Enrico Z. Borba - Thoughts

After writing the post on lazy normalization, I thought I understood enough to implement a lazy normalizer. This proved to be false.

This post is a work in progress. It's contents may change. If/when I'm satisfied with it, I'll remove this message and the "WIP" above.

Overview

This post explains a chain-free¹ memory layout for lazy normalization and details the graph traversal using this layout. The memory layout includes both how nodes and wires are represented, and then the memory transformations that happen for each interaction.

Allocation

Ideally a VM's memory layout shouldn't care about how the allocator keeps track of free memory, but unfortunately the memory representation presented here will have such a coupling. This is because some of the node representations make use of free regions in memory to represent special values. So, we'll need to describe the allocator as well.

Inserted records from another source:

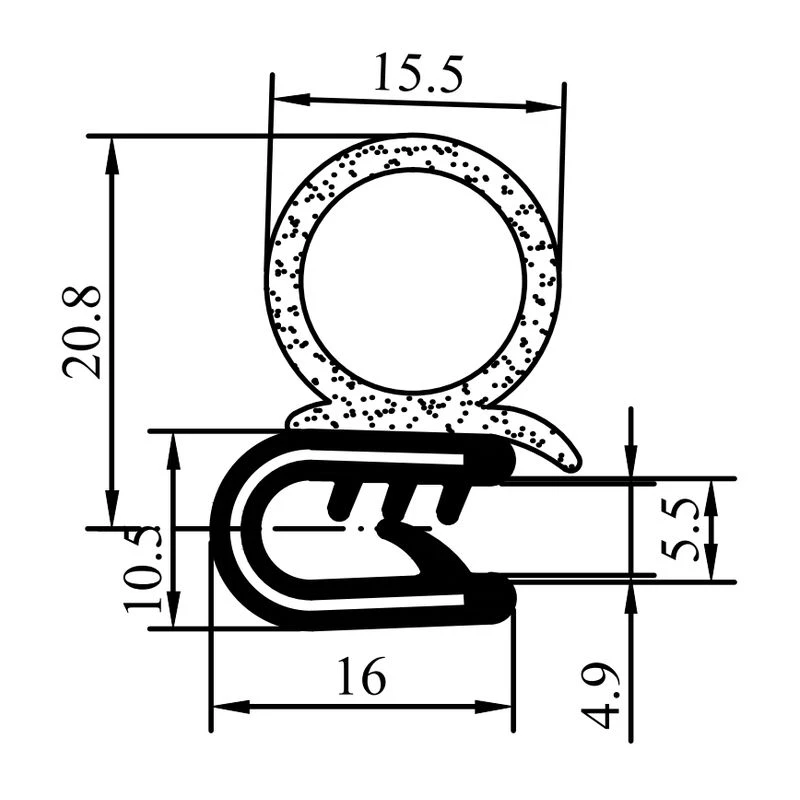 Накладний гумовий ущільнювач кришки багажника RZ використовують для захисту країв металевих корпусів.
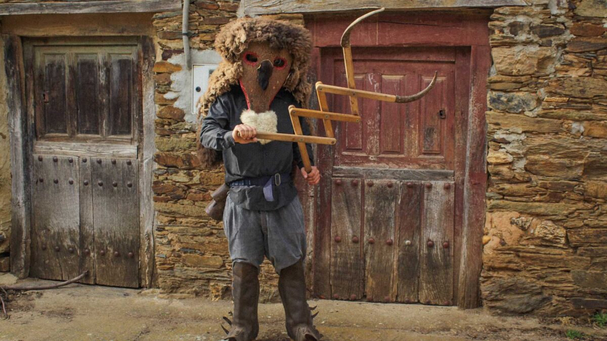 Dentro del corral esperan cinco jóvenes. Junto a ellos, un pesado baúl metálico, abierto, en el que varias manos rebuscan entre objetos y prendas de ropa. «Ale, ¡aquí tienes las máscaras!». El que ha hablado es Adrián Blanco, joven de 29 años que muestra con orgullo una enorme pieza hecha de corcho, lana de oveja y pelo de jabalí.
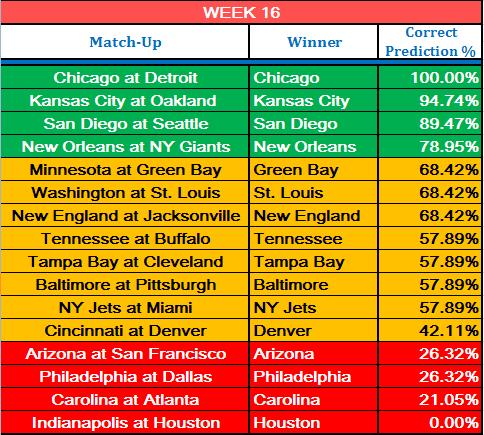 ~*~ NY Giants at Washington ---------> NY Giants Seattle at Tampa Bay -------------> Tampa Bay Pittsburgh at Cincinnati------------> Cincinnati Oakland at NY Jets ----------------> NY Jets New England at Tennessee ------> Tennessee Jacksonville at Kansas City-------> Jacksonville Detroit at Dallas--------------------> Dallas Cleveland at Houston -------------> Cleveland Carolina at New Orleans----------> Carolina St. Louis at Minnesota-------------> Minnesota Miami at Indianapolis---------------> Indianapolis San Francisco at Denver ----------> San Francisco Buffalo at Baltimore----------------> Baltimore Arizona at San Diego---------------> San Diego Atlanta at Philadelphia -------------> Atlanta Green Bay at Chicago--------------> Chicago What happens if I get 16-0 this time?? Do I still have chance :-?? Happy New Year Guys!! :-)

The allocator first allocates a single memory arena as large as the OS will allow. We'll refer to this region of memory as the heap. The heap is aligned to the nearest 16 bytes. This is because the allocator deals with double-word (128-bit) values.

The allocator has a simple API:

Figure 1: Allocator API

Memory Reuse

The allocator uses a free list to track free memory regions. This attempts to maximise the reuse of memory. If a single word is freed, the allocator checks if its neighboring half is also free. If so, the whole 128-bit value is freed. Since double words can only be allocated at 16-byte-aligned addresses, a free single word will not be reused unless its neighboring half is also free. This fact is explicitly relied on by the memory representation of nets. Specifically, some owned double-word values will keep one half free to represent a special form of the value.

In-Memory Representation of Nodes

Negative Ports (or Positive Wires)

We will be storing polarized -SIC nodes. Roughly, every 64-bit value on the heap is a negative port on the net. The way I prefer to view this is: values on the heap tell you what is on the other side of the positive end of a wire. There are some exceptions to this, but this is broadly the case.

Every double-word value on the heap, except the root at index 0, describes some node. For nodes with two negative ports, each word is one of those ports. This is because negative ports are connected to the positive end of a wire. The exception noted above occurs for nodes with a single negative port: one word is that negative port and the other is some node-dependent information.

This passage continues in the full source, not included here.